Going forward, I'll continue on oral antibiotics for a few more weeks, then wait a couple weeks to see if the infection comes back.  If not, we hope to be continuing the voyage by late June or early July.  In addition, we'll have a full course of antibiotics on board just in case.

Another piece in the dynamic is that the French immigration bureaucracy is absolutely immovable about any kind of extension on our visas.  Health concerns, safety concerns, etc. apparently carry no weight with them.  Having tried hard to play by their rules, we now have no choice but to play by our own.  

Our game plan is indeed to check out from Nuku Hiva on or before July 5, per their requirements.  From Nuku Hiva, it's another 1000 miles of sailing before we're out of French Polynesia, so we'll be entirely illegal during that time.   Few boats seem to get checked though, so we're not too worried.  At worst they can put us in jail.

However that goes, we're not forgetting that we dodged a big bullet and the rest is little stuff.

Thursday, June 1, 2017

Nuku Hiva, 6-1-2017--Gratitude

Most of these blog pages are in my head before I (David) even sit down to write.  This one is different though, and for once I hardly know where to begin.  I'm sitting here stunned.  Stunned with gratitude.

Recently I became aware that our friend and Cascabel neighbor Melissa Miller, a long time fundraiser with the local public television station, had spoken with Pearl about doing a fundraiser to help us with expenses related to my recent illness.  I was absorbed with medical issues and hadn't paid much attention to it.

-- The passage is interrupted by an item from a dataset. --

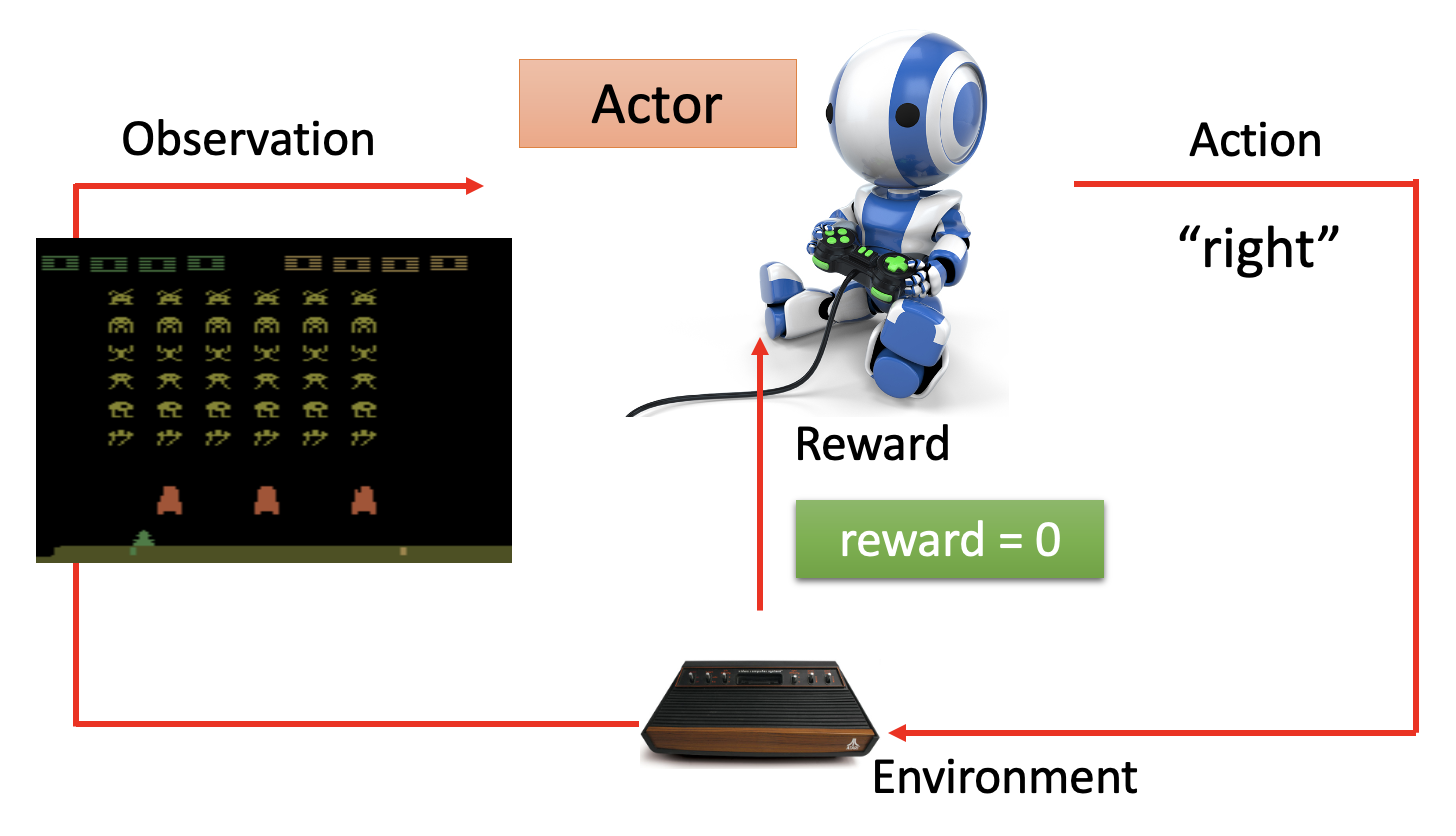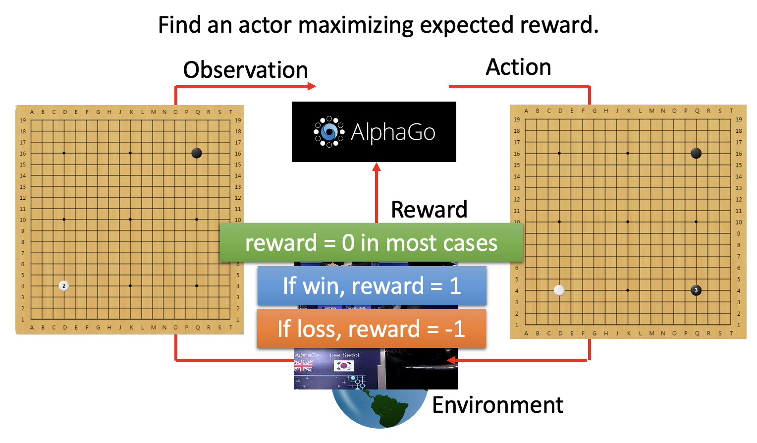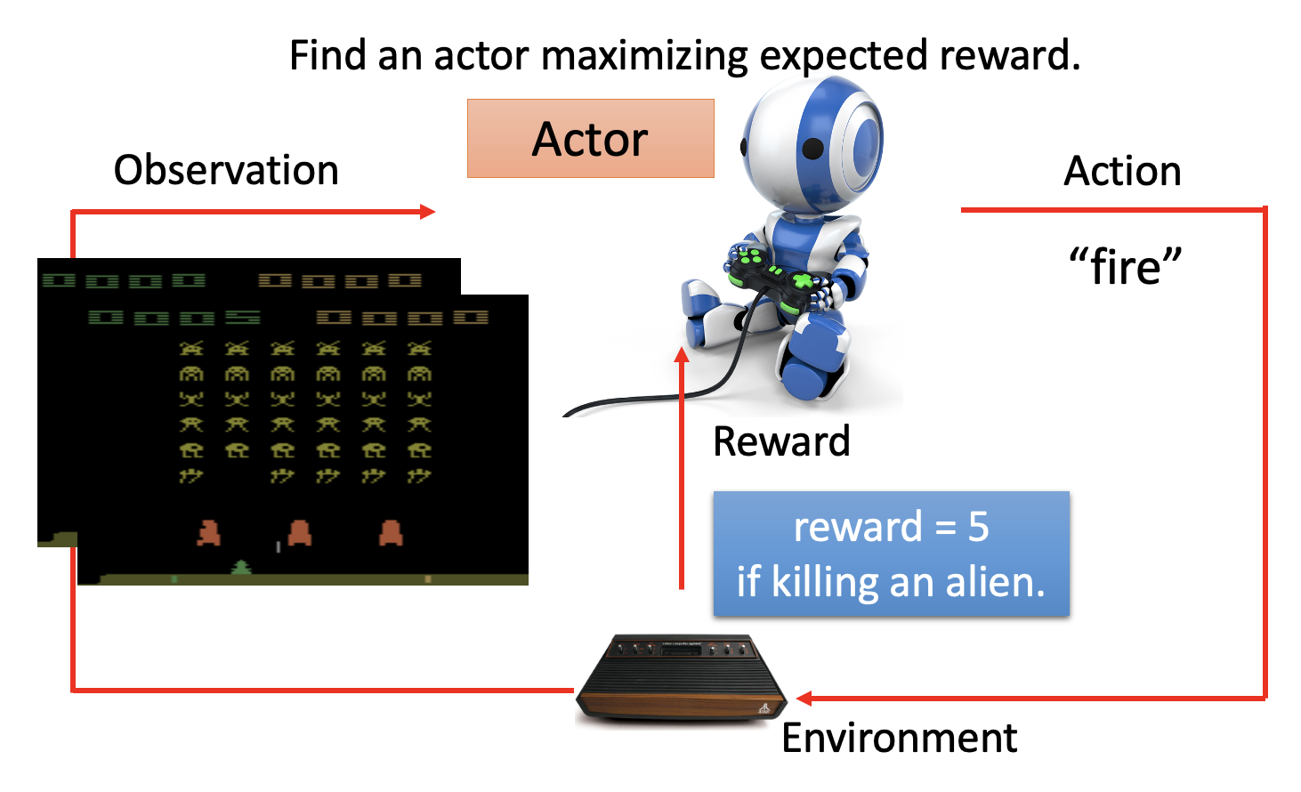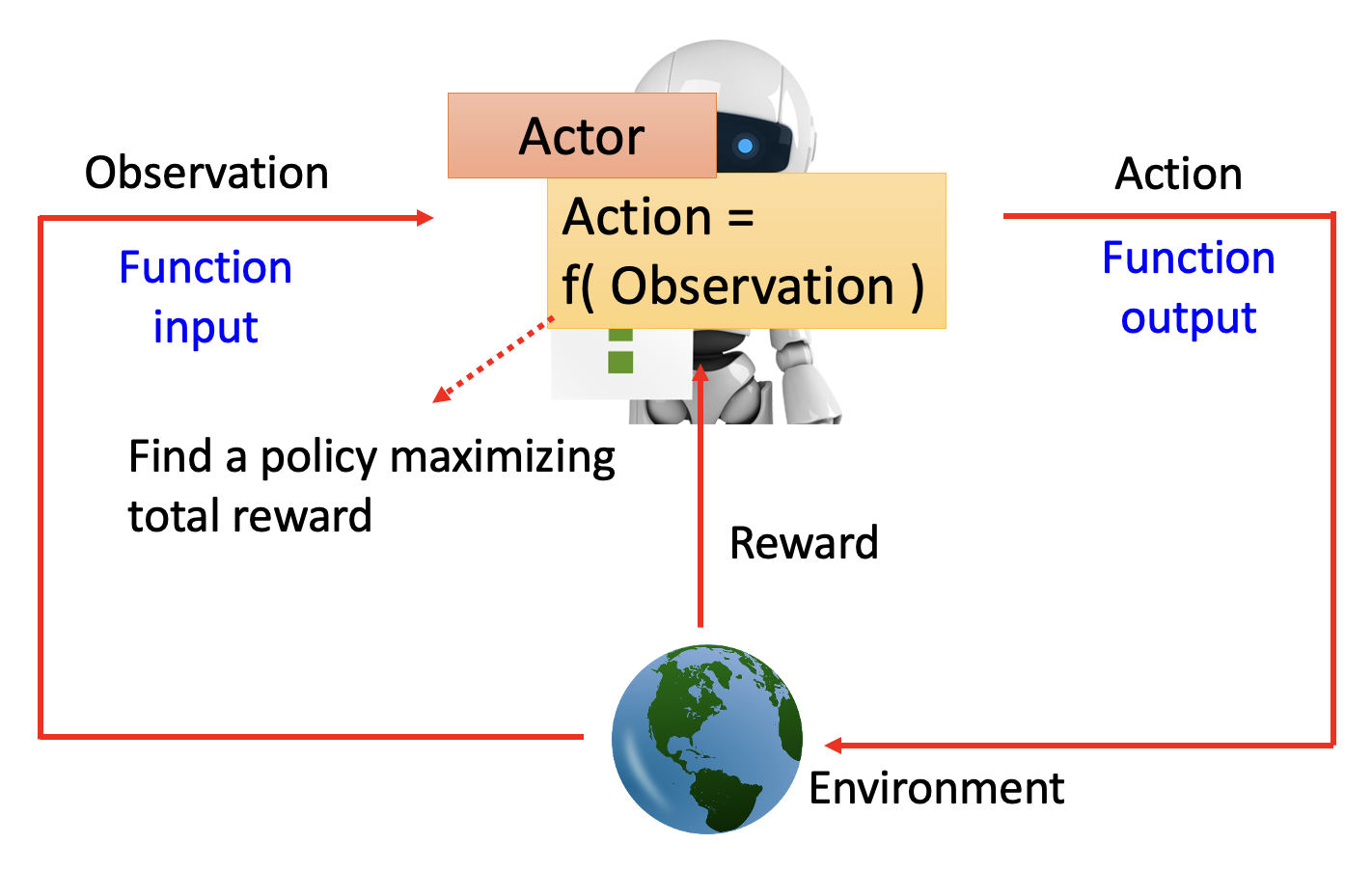 最开始的时候,我们认识到机器学习的目标近似于找一个函数;身为机器学习的成员之一,强化学习的目标亦是如此。整个强化学习的过程中有两个对象:行动者(actor) 和环境(environment)。它们之间的关系是:

Until now.  Melissa just sent an email saying that it raised enough money to cover virtually all the costs related to my illness.  Since the beginning of this medical mystery, we've again and again reminded ourselves that given how close I came to realizing my mortality, everything else was just 'little stuff'.  And yet the financial cost of this unexpected detour has been weighing on us.

I know that now because I find myself on the verge of tears.  Tears of gratitude. Gratitude for something we don't deserve, that we can only hope to have the opportunity to repay to our community over time.  

Melissa, our friend, neighbor and a fund-raising dynamo.

We're deeply humbled by her effort and the community response to it.